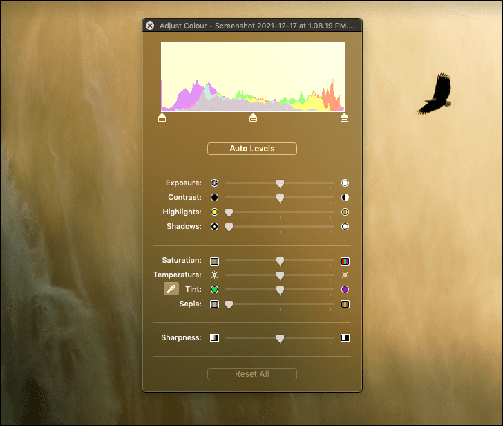 You can also adjust the color spectrum of your screenshot, to do so, click on the ‘Adjust color’ button on the markup toolbar. This will open a separate window pane on your screen.
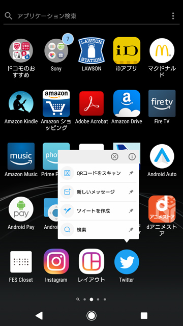 例えばTwitterアプリであれば、アイコンを長押しすると、吹き出しが現れて、QRコードをスキャン、新しいメッセージ、ツイートを作成、検索といったショートカットをモトのTwitterアプリとは別に置くことができる。
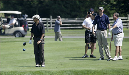 In re the golf photo, there was a sweet headline on the Borowitz Report this week: Obama Rips Bankers Not Already in Cabinet.
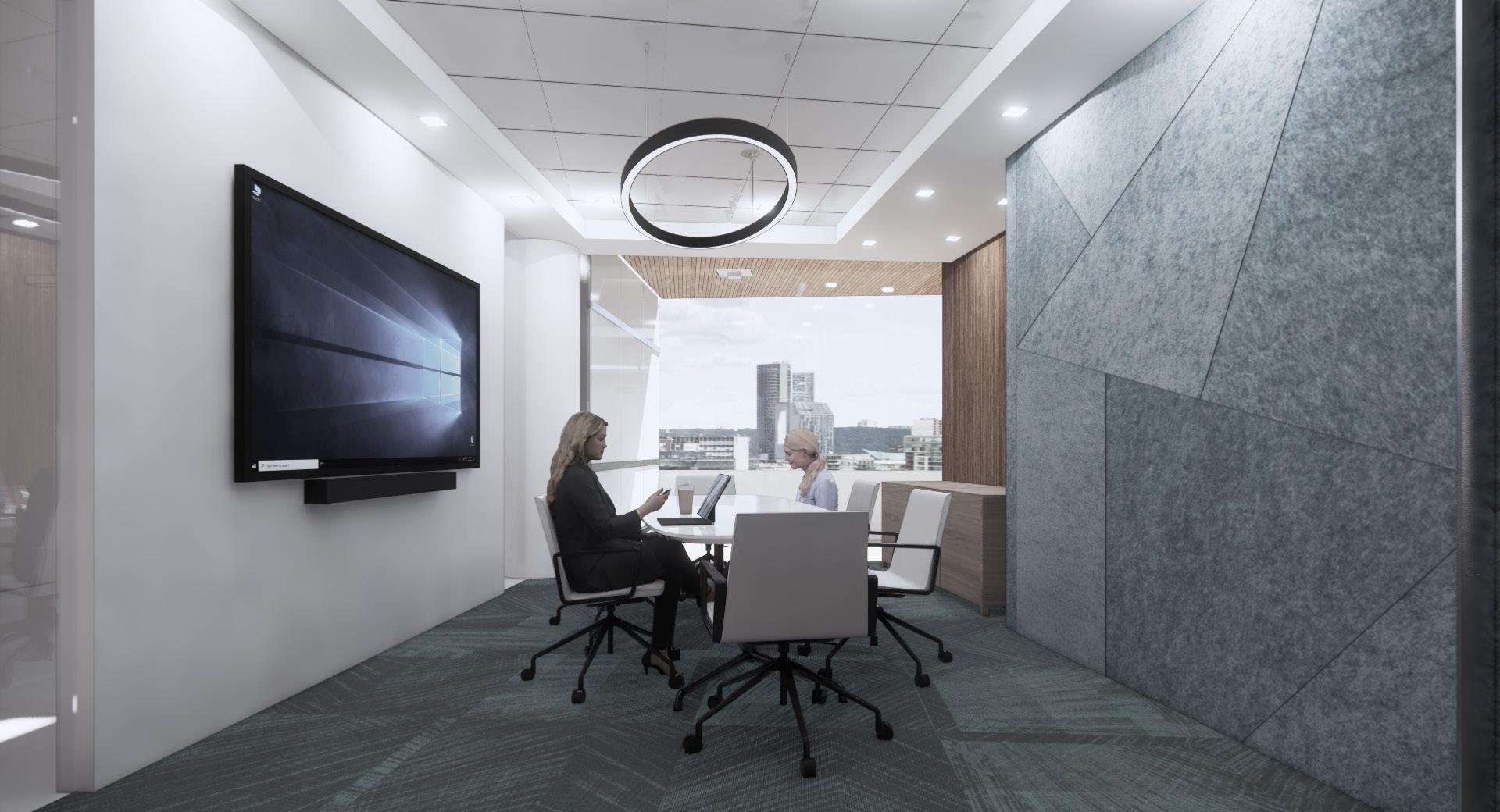CONFERENCE ROOM - SEATS SIX PEOPLE WITH ADDED FELT WALL FOR ACOUSTICS
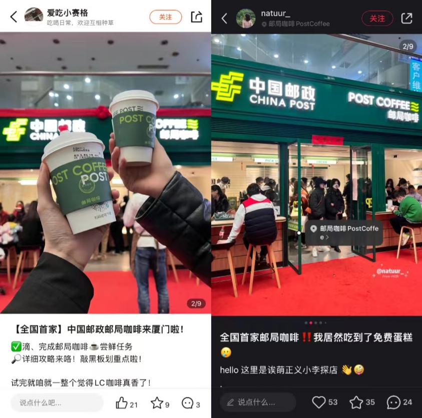但实际上,虽然官方号称是第一家邮局咖啡馆,中国邮政的咖啡店一直以来在互联网上就有迹可循。打开小红书这类的点评、攻略网站,早在2021年,上海、杭州、中山包括厦门当地,多地都有与中国邮政相关的咖啡店,或是独立店面,或是报刊亭。邮局与咖啡的组合是许多文艺青年向往的搭配,而可能正是看到了这样的市场潜力,中国邮政也下定决心跨界。
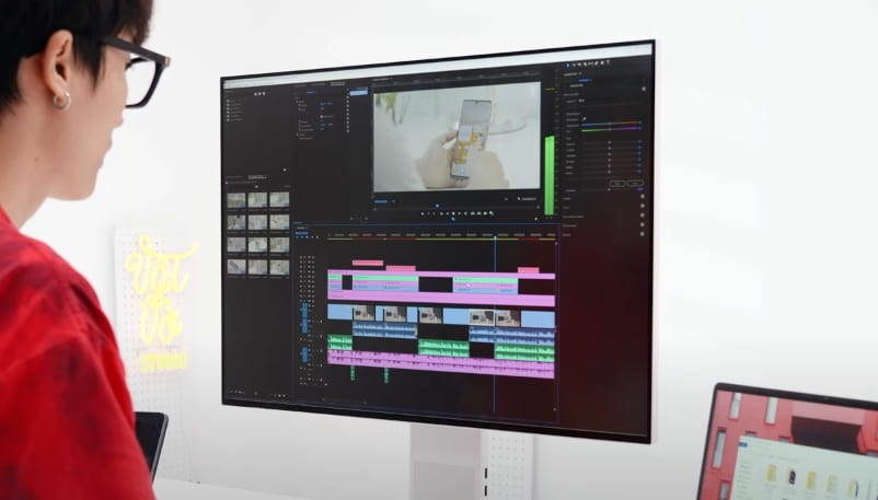 Với tỉ lệ 3:2, edit video thì có thể hiện được đến 14 layer video và 4 layer audio trên màn hình. Trong After Effect có thêm nhiều không gian để hiển thị thêm các thanh công cụ, làm việc nhanh chóng hơn. Khi tùy chỉnh nhiều keyframe cùng 1 lúc cũng dễ dàng hơn rất nhiều. Chẳng phải phóng to, thu nhỏ, không phải kéo giữa 2 màn hình. Không gian rộng của MateView sẽ là chìa khóa giúp mình đạt năng suất công việc hiệu quả hơn.
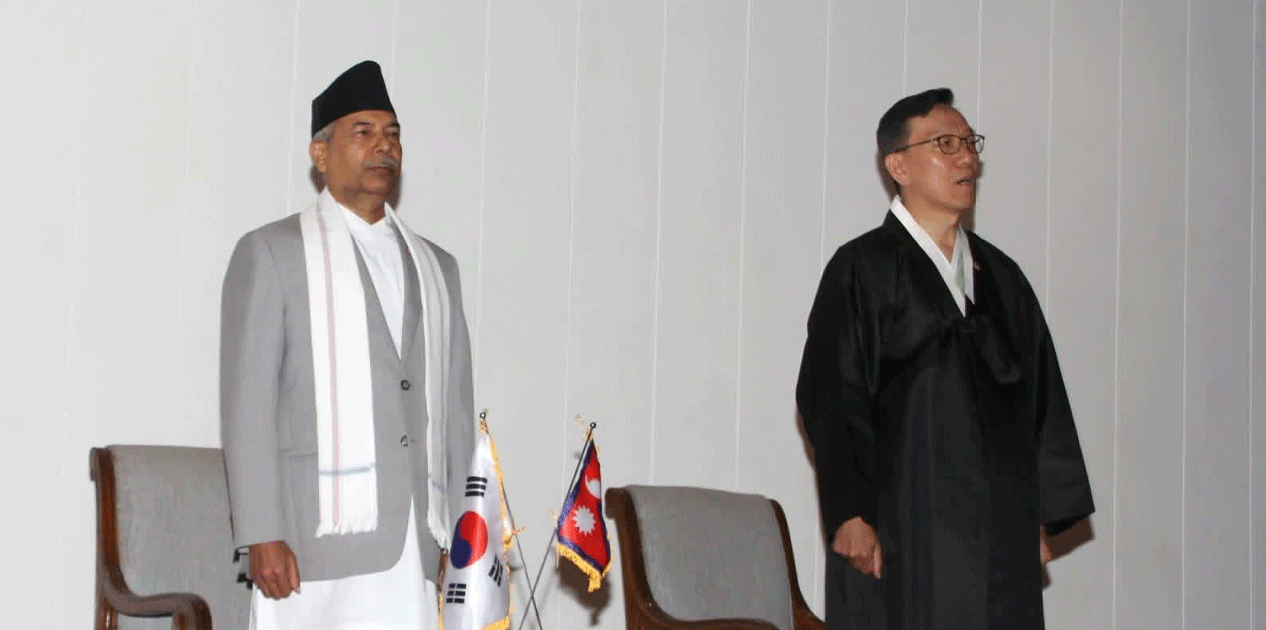 काठमाडौँ । उपराष्ट्रपति रामसहायप्रसाद यादव गणतन्त्र कोरियाको राष्ट्रिय दिवसका अवसरमा बुधबार साँझ यहाँ आयोजित स्वागत समारोहमा सहभागी भएका छन् ।
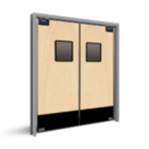 SCP12 - Kitchen Classic - Restaurant Standard Service Door, PAIR, 72"W x 84"H, 3/4" wood core, .032 high pressure laminate both sides, 8" high black ABS kickplate both sides, 9" x 14" clear acrylic window flush window frame
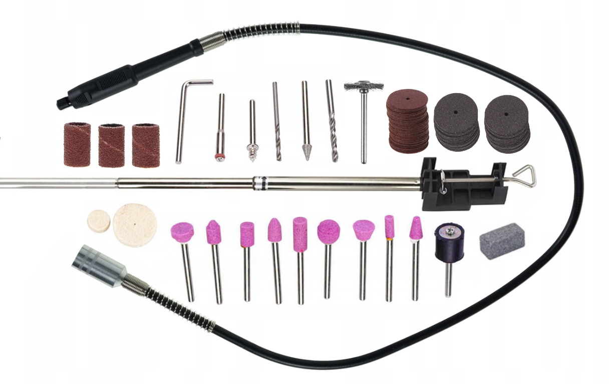Прямая шлифмашина-гравер с гибким валом и 300 насадками в пластиковом кейсе , оснащенная мощностью 165 Вт, предназначена для точной обработки поверхностей в труднодоступных местах.
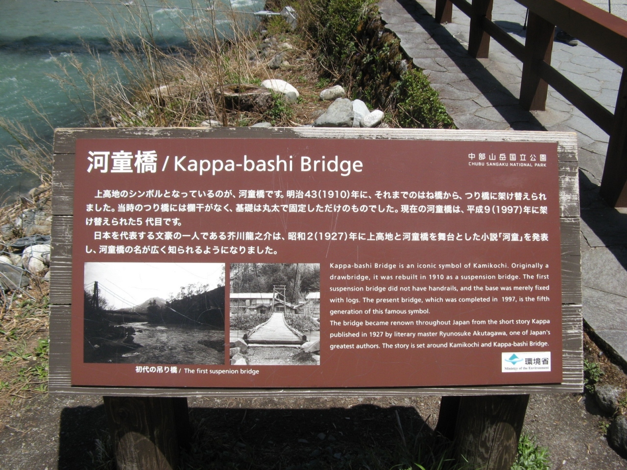 バスターミナルから歩いて5分程、上高地でもっともポピュラーな写真スポットとあってたくさんの観光客が橋の上や橋の周りで写真を撮っていました。五月の中旬に訪れたのですが、河童橋の背景には雪が残る穂高が聳え絵の様な景色を観ることができました。
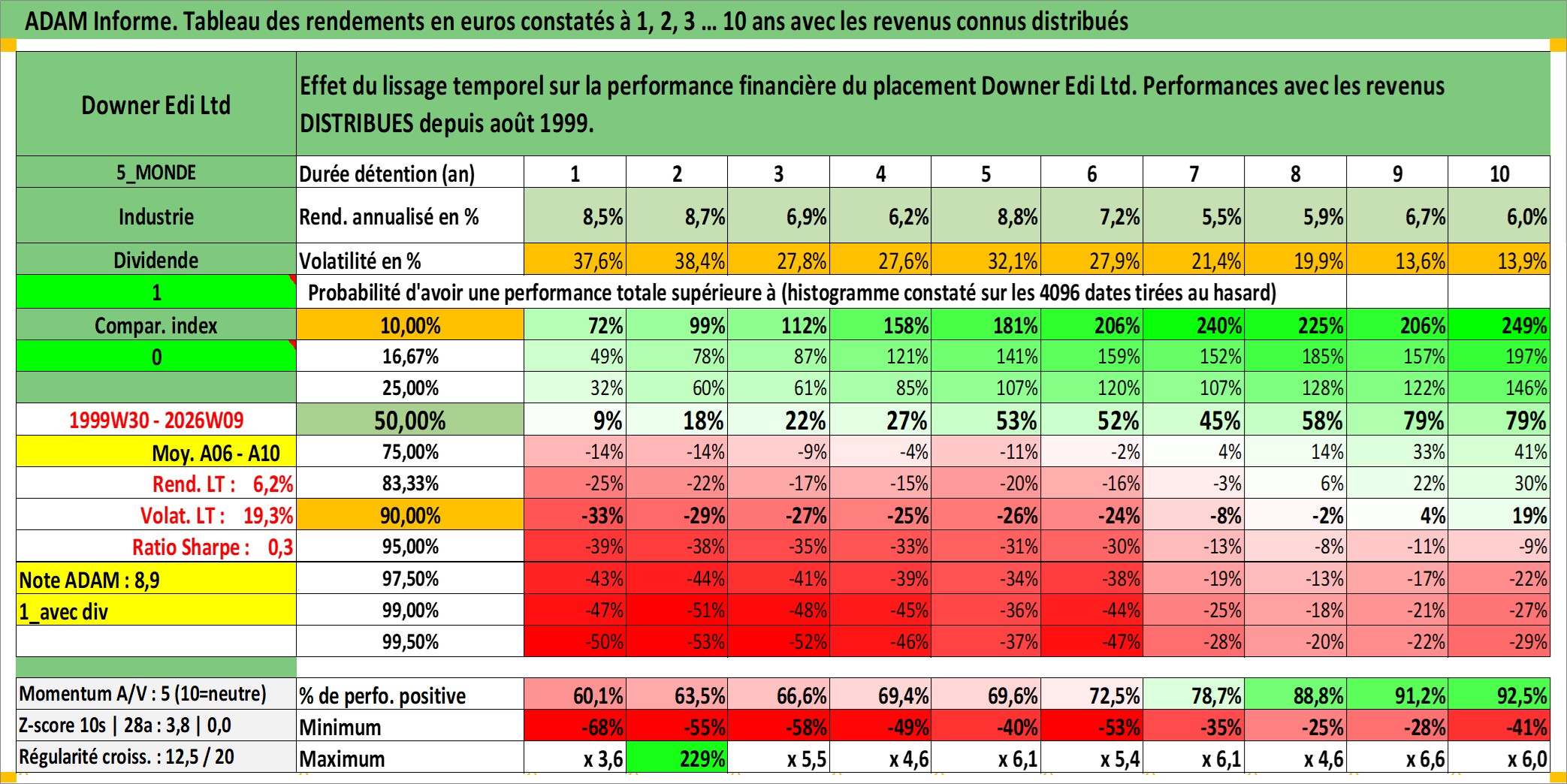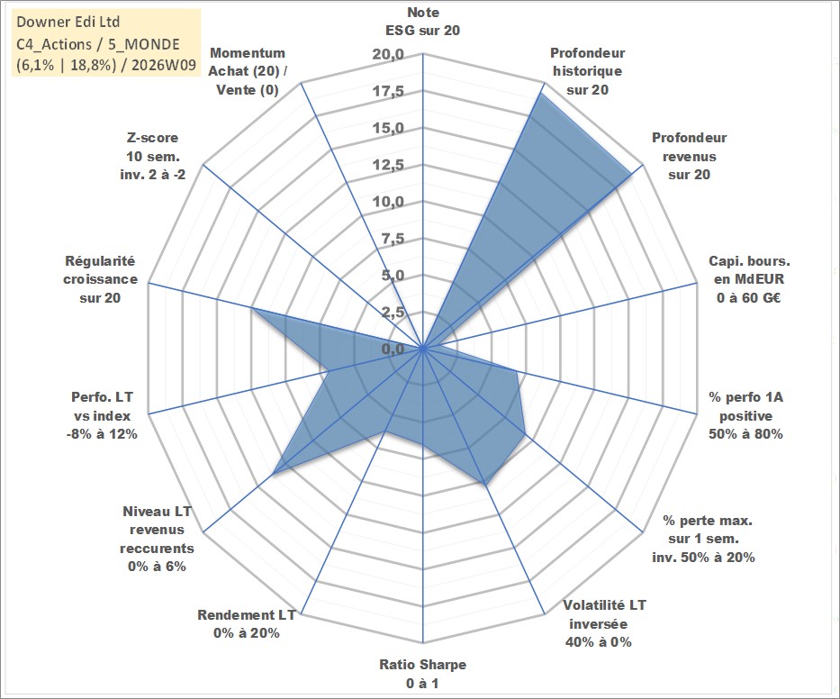 Site dédié aux investisseursPage dédiée sur site financeAnalyse des valorisations hebdomadaires de l'action Downer Edi Ltd. Cet actif est cote en AUD. Les valorisations sont en contrevaleur EURO et couvrent les semaines 1999W30 a 2026W09. Les revenus de cet actif financier sont pris en compte depuis la semaine 1999W34. La note ESG de cet actif n'est pas connue.
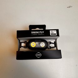Pannlampa med elastiskt band. Lampan är blå och grön med ett gult elastiskt band. Den väger 80 gram. En defekt finns där man stänger för batteri så man behöver ha en liten tejp för att hålla på plats. Funkar som den ska i övrigt
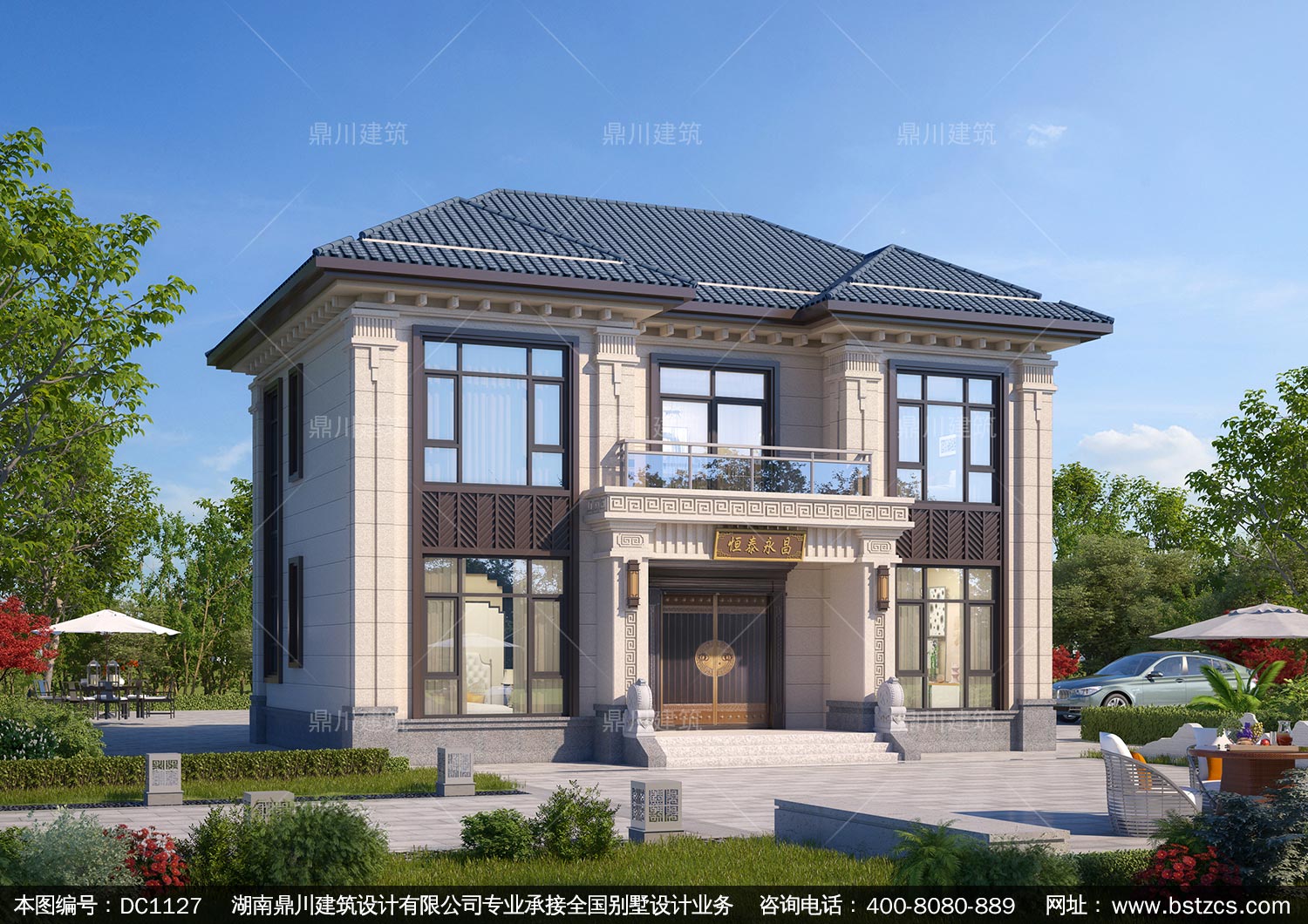 新中式二層別墅圖紙及外觀效果圖_農村自建別墅設計,鼎川建筑

Task directions: Repeat the data word for word. Skip the pictures.

Response below:
 You can also adjust the color spectrum of your screenshot, to do so, click on the ‘Adjust color’ button on the markup toolbar. This will open a separate window pane on your screen.
 例えばTwitterアプリであれば、アイコンを長押しすると、吹き出しが現れて、QRコードをスキャン、新しいメッセージ、ツイートを作成、検索といったショートカットをモトのTwitterアプリとは別に置くことができる。
 In re the golf photo, there was a sweet headline on the Borowitz Report this week: Obama Rips Bankers Not Already in Cabinet.
CONFERENCE ROOM - SEATS SIX PEOPLE WITH ADDED FELT WALL FOR ACOUSTICS
但实际上,虽然官方号称是第一家邮局咖啡馆,中国邮政的咖啡店一直以来在互联网上就有迹可循。打开小红书这类的点评、攻略网站,早在2021年,上海、杭州、中山包括厦门当地,多地都有与中国邮政相关的咖啡店,或是独立店面,或是报刊亭。邮局与咖啡的组合是许多文艺青年向往的搭配,而可能正是看到了这样的市场潜力,中国邮政也下定决心跨界。
 Với tỉ lệ 3:2, edit video thì có thể hiện được đến 14 layer video và 4 layer audio trên màn hình. Trong After Effect có thêm nhiều không gian để hiển thị thêm các thanh công cụ, làm việc nhanh chóng hơn. Khi tùy chỉnh nhiều keyframe cùng 1 lúc cũng dễ dàng hơn rất nhiều. Chẳng phải phóng to, thu nhỏ, không phải kéo giữa 2 màn hình. Không gian rộng của MateView sẽ là chìa khóa giúp mình đạt năng suất công việc hiệu quả hơn.
 काठमाडौँ । उपराष्ट्रपति रामसहायप्रसाद यादव गणतन्त्र कोरियाको राष्ट्रिय दिवसका अवसरमा बुधबार साँझ यहाँ आयोजित स्वागत समारोहमा सहभागी भएका छन् ।
 SCP12 - Kitchen Classic - Restaurant Standard Service Door, PAIR, 72"W x 84"H, 3/4" wood core, .032 high pressure laminate both sides, 8" high black ABS kickplate both sides, 9" x 14" clear acrylic window flush window frame
Прямая шлифмашина-гравер с гибким валом и 300 насадками в пластиковом кейсе , оснащенная мощностью 165 Вт, предназначена для точной обработки поверхностей в труднодоступных местах.
 バスターミナルから歩いて5分程、上高地でもっともポピュラーな写真スポットとあってたくさんの観光客が橋の上や橋の周りで写真を撮っていました。五月の中旬に訪れたのですが、河童橋の背景には雪が残る穂高が聳え絵の様な景色を観ることができました。
 Site dédié aux investisseursPage dédiée sur site financeAnalyse des valorisations hebdomadaires de l'action Downer Edi Ltd. Cet actif est cote en AUD. Les valorisations sont en contrevaleur EURO et couvrent les semaines 1999W30 a 2026W09. Les revenus de cet actif financier sont pris en compte depuis la semaine 1999W34. La note ESG de cet actif n'est pas connue.
Pannlampa med elastiskt band. Lampan är blå och grön med ett gult elastiskt band. Den väger 80 gram. En defekt finns där man stänger för batteri så man behöver ha en liten tejp för att hålla på plats. Funkar som den ska i övrigt
 新中式二層別墅圖紙及外觀效果圖_農村自建別墅設計,鼎川建筑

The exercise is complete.